Last updated: 15 July 2026
Absolute Batman is no longer just the breakout comic of DC’s Absolute Universe. Following the announcement that Warner Bros. Animation and DC Studios are developing an Absolute Batman animated series, Scott Snyder’s radical reinvention of Bruce Wayne has entered an even bigger spotlight.
But what exactly has been announced, why has this Batman become such a phenomenon, and where does he fit into the wider Absolute Universe? This guide brings the complete picture together for readers and collectors.

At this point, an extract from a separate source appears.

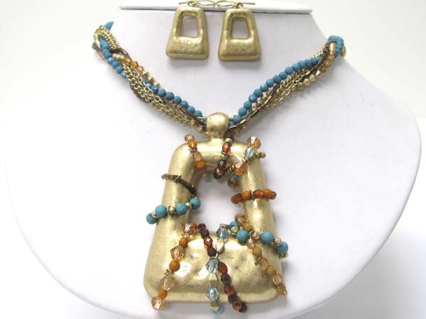 Large metal pendant with mixed stone and beads fusion deco neckalce earring set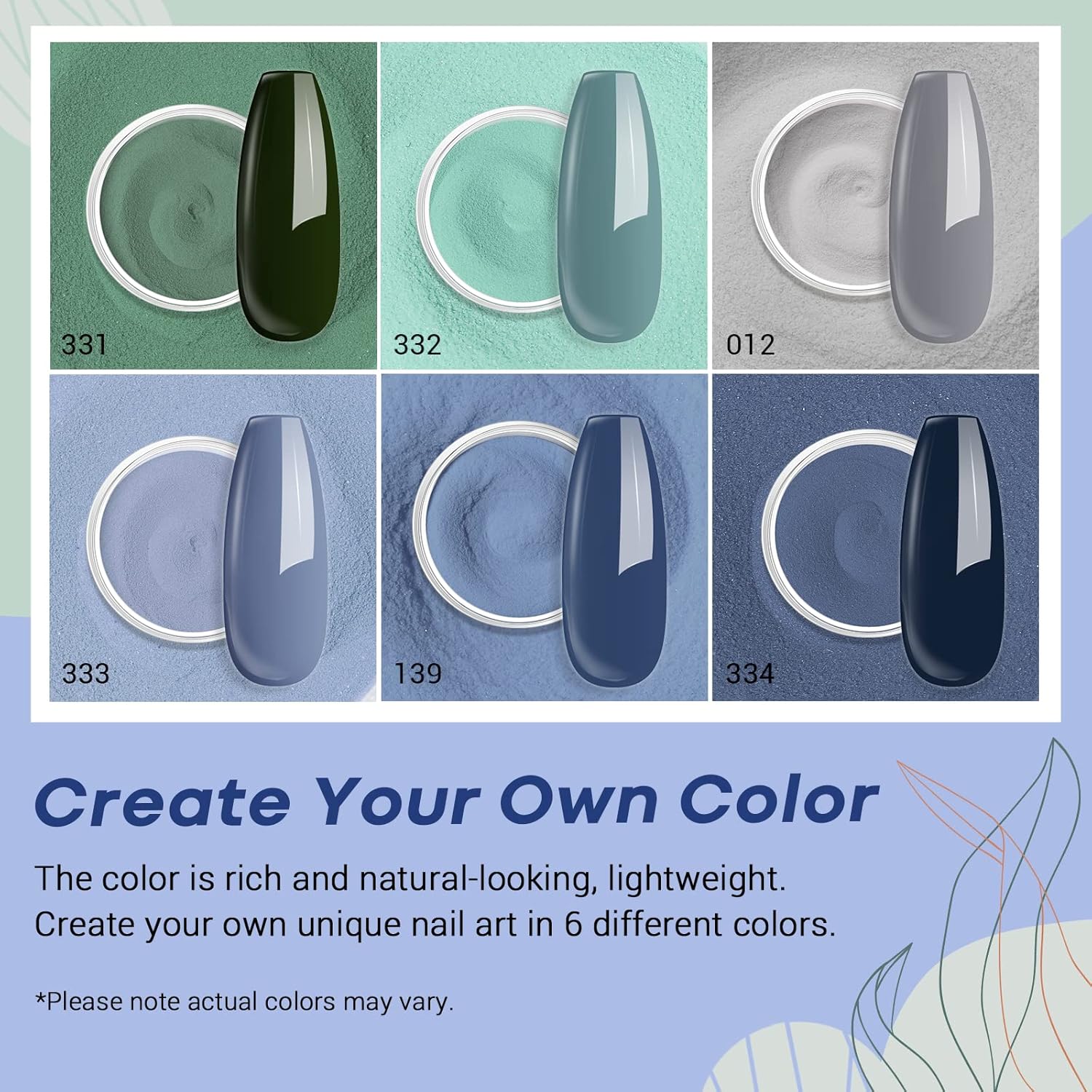 • Dusty Green Blue Dip Powder Set: With this premium dip powder set covering 6 different tones(slate&indigo&cornflower blue, turquoise&army green, gray, 10g/box), your nails would look brilliant shine finish, lightweight, and more attractive. The set will meet your needs on all occasions(daily routine life, party, travel, etc) all year round

Absolute Batman animated series: the fast answer
- The series is officially in development at Warner Bros. Animation and DC Studios.
- Scott Snyder, co-creator and writer of the comic, is serving as showrunner and executive producer.
- Nick Dragotta, the comic’s co-creator and defining artist, is attached as a producer.
- No release date, streaming platform, voice cast or episode count has been announced yet.
- Snyder has said the show will not simply copy the comic panel for panel: it can deepen the characters and expand the world while keeping the core of Absolute Batman intact.
The announcement was made at the 2026 Annecy International Animation Film Festival. That creative involvement matters. With Snyder and Dragotta directly attached, the people who built this version of Gotham are helping to shape its move into animation.
Why has Absolute Batman become so big?
The pitch sounds simple: take away Bruce Wayne’s fortune, manor and butler, then ask what remains. The result is not a smaller Batman. It is a physically imposing, working-class engineer who has to build his mission from the ground up in a Gotham designed to break him.
Scott Snyder and Nick Dragotta kept the emotional engine of Batman — intelligence, willpower, trauma and an absolute refusal to stop — while rebuilding almost everything around it. Familiar allies and enemies return in forms that feel recognisable but genuinely unpredictable. The artwork is bold, brutal and instantly identifiable, and the oversized bat-symbol has already become an icon in its own right.
The market response has matched the creative buzz. DC named Absolute Batman #1 the bestselling comic of 2024, and the launch issue went through repeated printings. Trade coverage of the animation announcement reported that the series had passed six million copies sold. That does not make every copy a future investment, but it does show how far the book has travelled beyond an ordinary successful relaunch.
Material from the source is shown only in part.